## Activity
In this exercise, the entries below include pictures. Repeat exactly the lines from the line with "ジャケットのスマートさと、カ" to the line with "那道著名的炸核桃腰,是选用上", including both, but without the pictures.

## Given records
++++++++

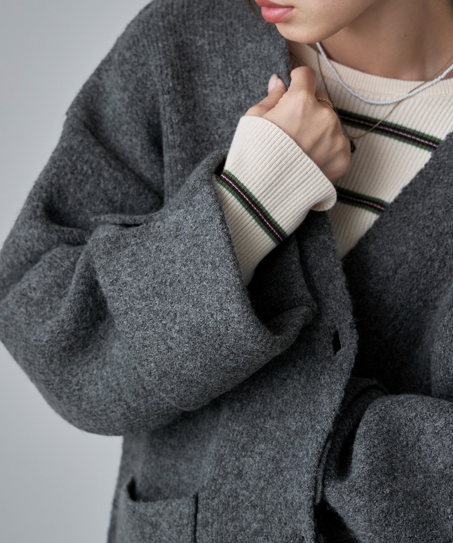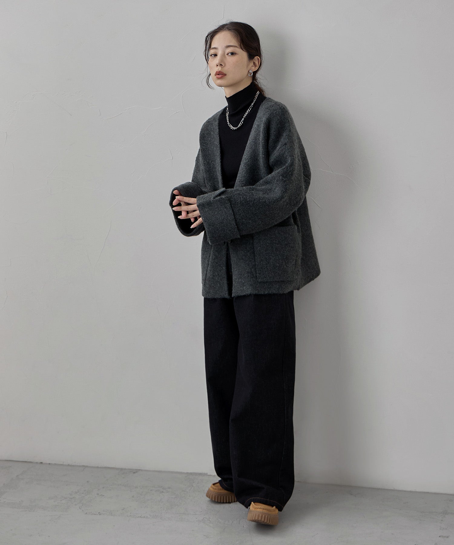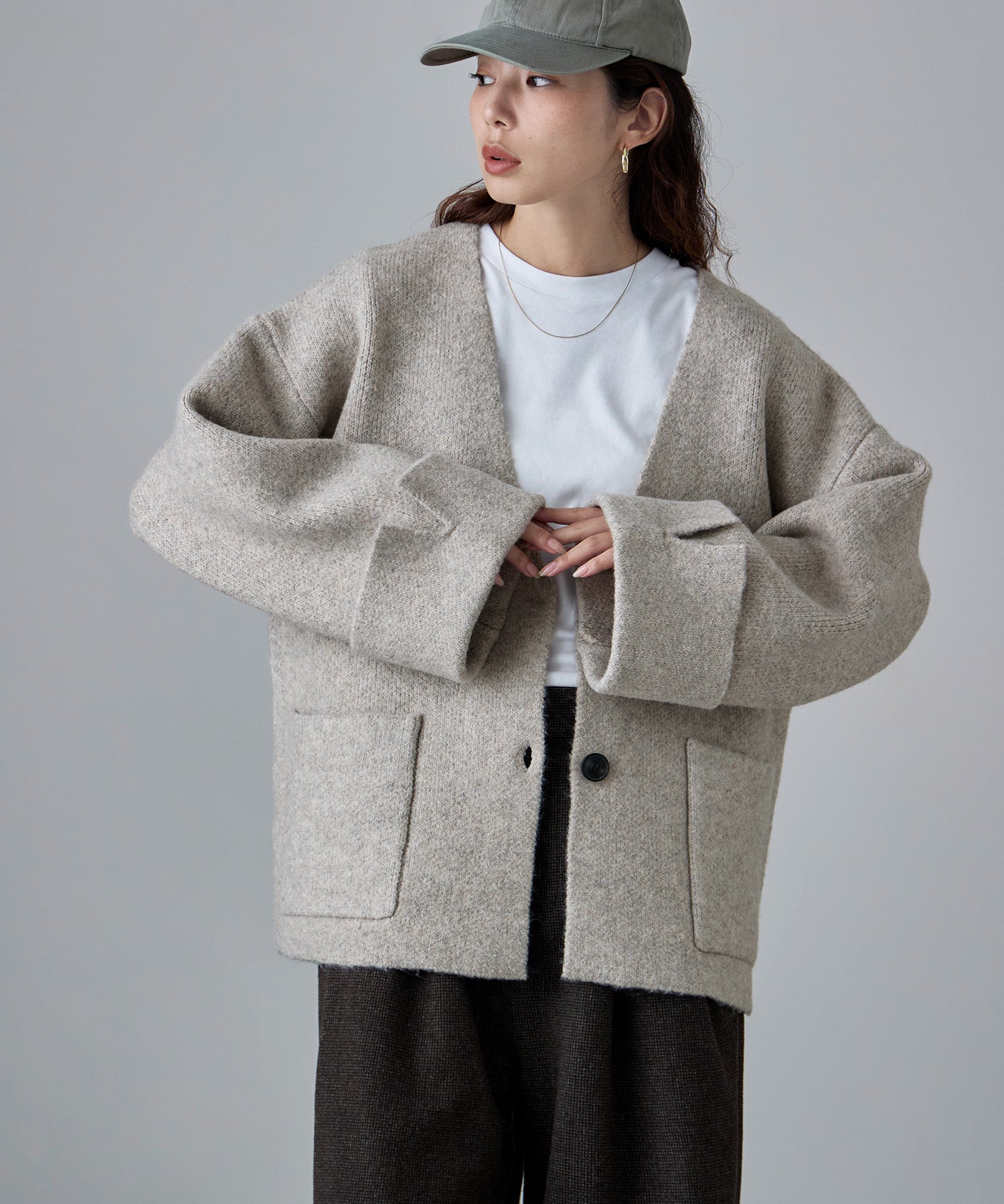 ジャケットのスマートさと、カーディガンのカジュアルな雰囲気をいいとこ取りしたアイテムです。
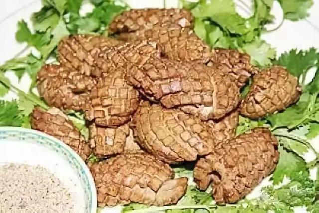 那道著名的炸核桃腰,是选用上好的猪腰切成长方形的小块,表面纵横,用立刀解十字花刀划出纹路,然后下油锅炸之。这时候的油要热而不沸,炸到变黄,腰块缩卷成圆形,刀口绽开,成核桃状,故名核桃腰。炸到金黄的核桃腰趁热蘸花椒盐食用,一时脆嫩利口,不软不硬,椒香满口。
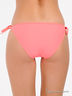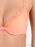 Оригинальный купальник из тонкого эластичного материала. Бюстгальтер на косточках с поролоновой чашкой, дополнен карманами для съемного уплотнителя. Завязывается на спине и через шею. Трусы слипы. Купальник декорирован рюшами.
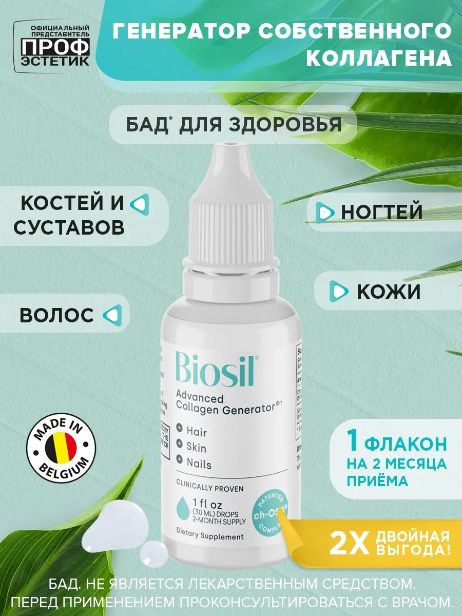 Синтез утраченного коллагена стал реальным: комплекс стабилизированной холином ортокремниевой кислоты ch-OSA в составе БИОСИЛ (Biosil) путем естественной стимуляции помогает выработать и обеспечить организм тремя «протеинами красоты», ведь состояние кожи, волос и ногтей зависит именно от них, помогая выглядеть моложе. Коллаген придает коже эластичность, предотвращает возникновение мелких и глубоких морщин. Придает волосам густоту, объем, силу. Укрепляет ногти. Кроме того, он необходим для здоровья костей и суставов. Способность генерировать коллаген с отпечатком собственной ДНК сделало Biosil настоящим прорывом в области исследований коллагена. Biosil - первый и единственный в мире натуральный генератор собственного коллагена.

++++++++

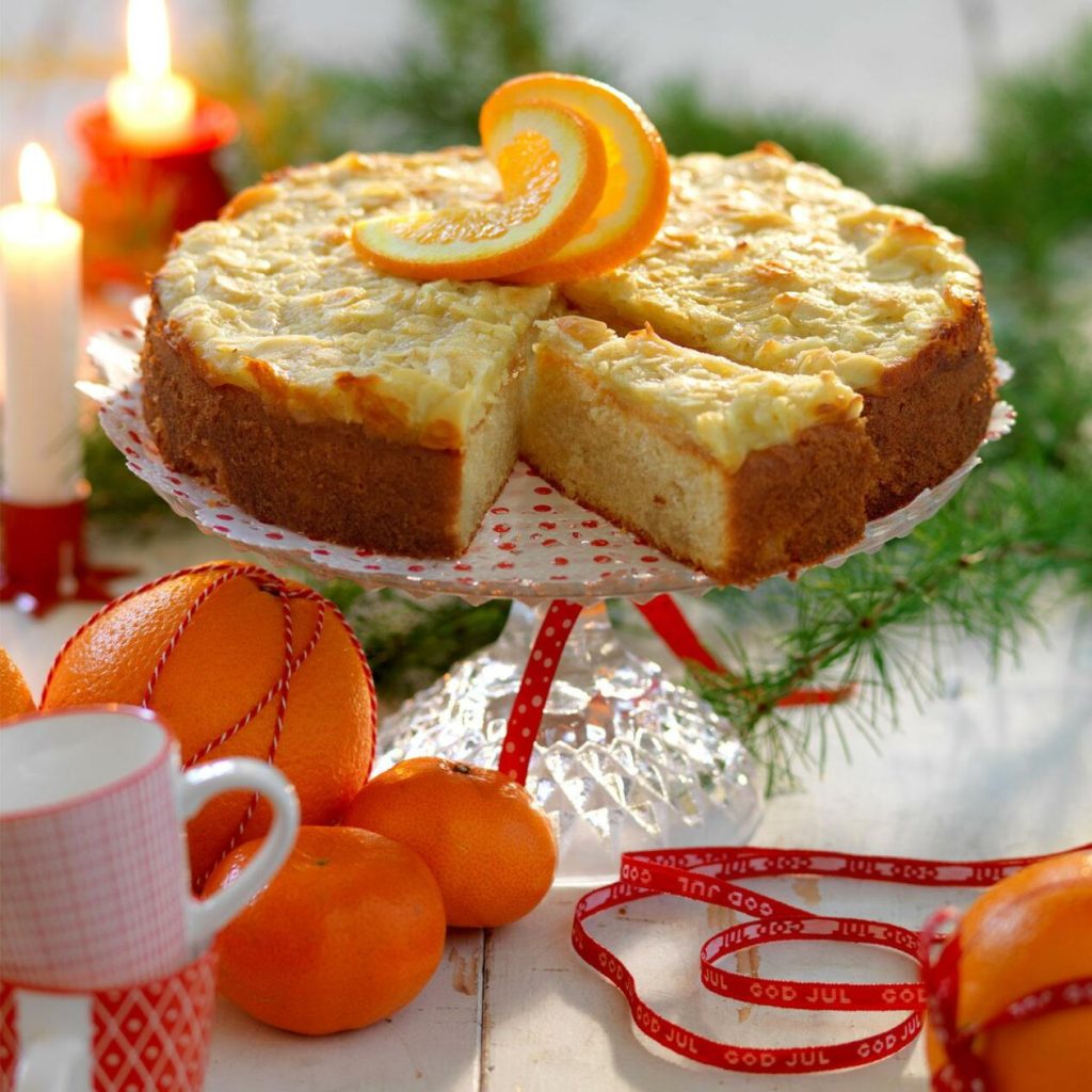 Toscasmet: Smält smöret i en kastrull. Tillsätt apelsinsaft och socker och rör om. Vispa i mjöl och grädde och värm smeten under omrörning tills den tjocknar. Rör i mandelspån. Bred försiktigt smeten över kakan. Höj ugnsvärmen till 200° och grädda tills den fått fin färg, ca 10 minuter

++++++++

## Response to this exercise
 ジャケットのスマートさと、カーディガンのカジュアルな雰囲気をいいとこ取りしたアイテムです。
 那道著名的炸核桃腰,是选用上好的猪腰切成长方形的小块,表面纵横,用立刀解十字花刀划出纹路,然后下油锅炸之。这时候的油要热而不沸,炸到变黄,腰块缩卷成圆形,刀口绽开,成核桃状,故名核桃腰。炸到金黄的核桃腰趁热蘸花椒盐食用,一时脆嫩利口,不软不硬,椒香满口。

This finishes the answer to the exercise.